▶ [RECORDS FOR THE TASK]
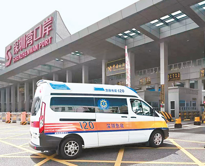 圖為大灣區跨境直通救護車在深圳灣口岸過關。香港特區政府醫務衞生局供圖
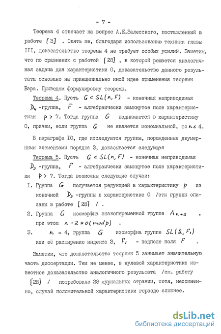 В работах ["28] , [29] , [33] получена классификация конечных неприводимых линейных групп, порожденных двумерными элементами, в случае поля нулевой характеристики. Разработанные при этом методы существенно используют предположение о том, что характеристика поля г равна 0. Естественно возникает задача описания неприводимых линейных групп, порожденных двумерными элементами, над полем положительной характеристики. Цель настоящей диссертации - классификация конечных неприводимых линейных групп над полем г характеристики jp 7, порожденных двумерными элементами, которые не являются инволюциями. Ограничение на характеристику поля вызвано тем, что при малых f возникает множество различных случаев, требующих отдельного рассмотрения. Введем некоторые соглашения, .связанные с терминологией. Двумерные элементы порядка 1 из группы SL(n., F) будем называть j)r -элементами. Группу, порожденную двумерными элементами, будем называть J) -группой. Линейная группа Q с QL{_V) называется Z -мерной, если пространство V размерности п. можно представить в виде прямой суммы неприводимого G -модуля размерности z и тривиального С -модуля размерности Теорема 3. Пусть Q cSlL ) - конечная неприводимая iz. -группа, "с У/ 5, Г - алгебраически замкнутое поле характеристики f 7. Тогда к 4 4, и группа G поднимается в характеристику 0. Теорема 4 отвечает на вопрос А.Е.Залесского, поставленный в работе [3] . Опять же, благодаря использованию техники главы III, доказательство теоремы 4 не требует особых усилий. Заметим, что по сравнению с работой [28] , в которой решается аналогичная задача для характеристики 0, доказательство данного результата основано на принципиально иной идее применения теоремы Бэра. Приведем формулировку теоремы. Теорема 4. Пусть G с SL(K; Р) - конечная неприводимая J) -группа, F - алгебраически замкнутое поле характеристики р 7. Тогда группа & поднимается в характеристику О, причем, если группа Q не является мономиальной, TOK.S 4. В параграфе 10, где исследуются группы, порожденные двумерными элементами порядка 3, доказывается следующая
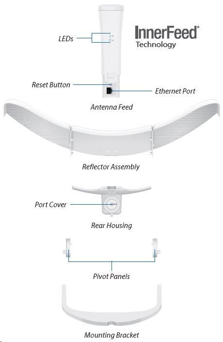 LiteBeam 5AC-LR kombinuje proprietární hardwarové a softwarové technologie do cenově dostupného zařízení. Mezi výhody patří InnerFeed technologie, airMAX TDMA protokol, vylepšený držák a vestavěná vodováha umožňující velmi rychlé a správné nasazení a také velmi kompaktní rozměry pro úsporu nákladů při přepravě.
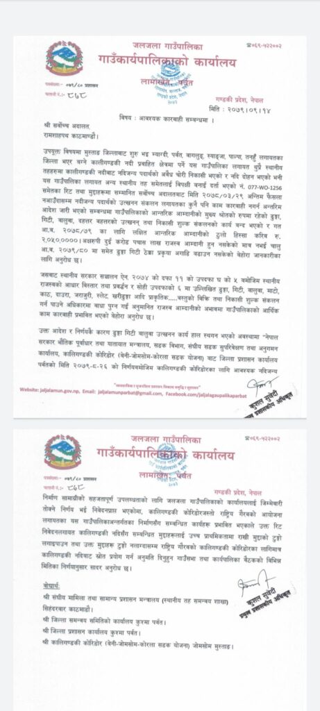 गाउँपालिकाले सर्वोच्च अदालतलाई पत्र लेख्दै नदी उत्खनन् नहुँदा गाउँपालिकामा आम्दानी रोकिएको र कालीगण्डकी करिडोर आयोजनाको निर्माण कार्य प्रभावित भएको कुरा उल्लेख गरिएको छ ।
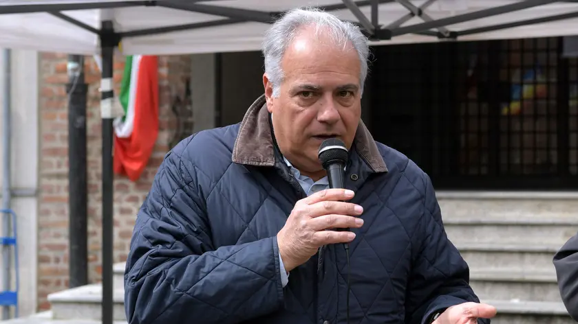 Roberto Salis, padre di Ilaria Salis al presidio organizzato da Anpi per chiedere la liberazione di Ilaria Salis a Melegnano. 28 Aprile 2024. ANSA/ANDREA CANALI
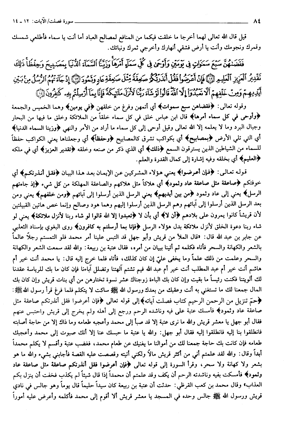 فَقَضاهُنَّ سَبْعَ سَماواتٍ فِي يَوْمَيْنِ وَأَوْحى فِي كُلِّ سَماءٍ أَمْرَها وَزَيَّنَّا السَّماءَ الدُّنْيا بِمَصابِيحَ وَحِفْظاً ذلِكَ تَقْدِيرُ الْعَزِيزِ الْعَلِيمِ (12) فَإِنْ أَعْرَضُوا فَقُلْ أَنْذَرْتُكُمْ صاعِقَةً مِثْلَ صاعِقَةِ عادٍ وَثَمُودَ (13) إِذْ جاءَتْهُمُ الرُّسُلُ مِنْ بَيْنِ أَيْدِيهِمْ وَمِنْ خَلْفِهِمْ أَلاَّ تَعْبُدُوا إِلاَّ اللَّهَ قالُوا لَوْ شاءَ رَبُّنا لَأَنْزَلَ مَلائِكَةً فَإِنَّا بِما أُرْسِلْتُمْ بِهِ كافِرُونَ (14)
==
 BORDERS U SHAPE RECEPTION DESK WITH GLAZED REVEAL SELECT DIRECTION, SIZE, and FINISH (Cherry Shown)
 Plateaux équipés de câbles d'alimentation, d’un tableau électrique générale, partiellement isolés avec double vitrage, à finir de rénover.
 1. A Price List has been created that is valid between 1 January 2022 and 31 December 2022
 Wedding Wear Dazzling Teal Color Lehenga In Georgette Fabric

▶ [PROBLEM TO SOLVE] From the records above, copy only the lines running from the line holding "Roberto Salis, padre" through the line holding "فَقَضاهُنَّ سَبْعَ سَماواتٍ", with no pictures.

▶ [REPLY TO THE TASK]
 Roberto Salis, padre di Ilaria Salis al presidio organizzato da Anpi per chiedere la liberazione di Ilaria Salis a Melegnano. 28 Aprile 2024. ANSA/ANDREA CANALI
 فَقَضاهُنَّ سَبْعَ سَماواتٍ فِي يَوْمَيْنِ وَأَوْحى فِي كُلِّ سَماءٍ أَمْرَها وَزَيَّنَّا السَّماءَ الدُّنْيا بِمَصابِيحَ وَحِفْظاً ذلِكَ تَقْدِيرُ الْعَزِيزِ الْعَلِيمِ (12) فَإِنْ أَعْرَضُوا فَقُلْ أَنْذَرْتُكُمْ صاعِقَةً مِثْلَ صاعِقَةِ عادٍ وَثَمُودَ (13) إِذْ جاءَتْهُمُ الرُّسُلُ مِنْ بَيْنِ أَيْدِيهِمْ وَمِنْ خَلْفِهِمْ أَلاَّ تَعْبُدُوا إِلاَّ اللَّهَ قالُوا لَوْ شاءَ رَبُّنا لَأَنْزَلَ مَلائِكَةً فَإِنَّا بِما أُرْسِلْتُمْ بِهِ كافِرُونَ (14)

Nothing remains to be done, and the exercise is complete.